Genevieve Woo Marn Huong (; born August 3, 1969) is a Singapore television journalist and news presenter with Mediacorp.

Early life and education
Woo attended Marymount Convent School and Raffles Junior College in Singapore. She read English language and literature at the National University of Singapore.

Career
Woo has wide-ranging experience in the media and communications industry, where she has worked in a variety of roles.

After graduating from university, Woo started out as a copywriter in advertising before turning to print journalism. In 1999, she joined Parkway Holdings where she managed corporate communications. She returned to journalism in 2003, serving for a year as an assistant editor at TODAY, a free English-language tabloid in Singapore.

In 2004, she crossed over to parent company MediaCorp and served as its vice-president of corporate communications before joining Channel NewsAsia in 2007.

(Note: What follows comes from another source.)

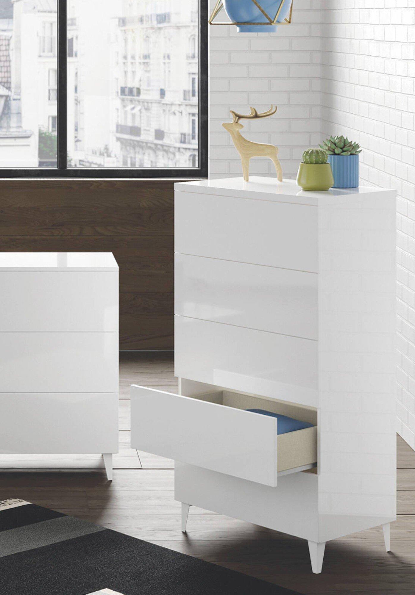 Commode Mesquite, Commode 5 tiroirs, Commode pour chambre à coucher, Commode moderne, 60x40h110 cm, Blanc
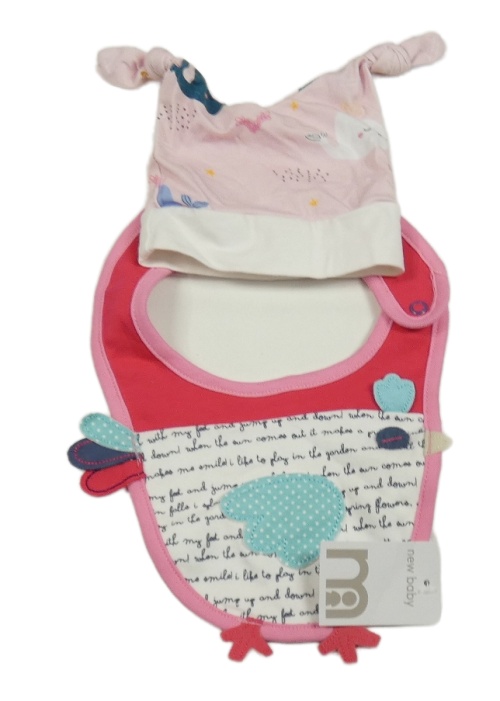 2set - Světlerůžová bavlněná čepice s velrybami + barevný pruhovaný slinták

During her time with Channel NewsAsia, she fronted the channel's highly rated news programme Singapore Tonight, which airs daily between 10:00 pm and 10:30 pm (Singapore/Hong Kong time). In addition, she fronted Cents & Sensibilities, a weekly current affairs show on how the person in the street should make investments. Woo was previously a presenter on Asia Business Tonight, East Asia Tonight, Asia Today and World Today.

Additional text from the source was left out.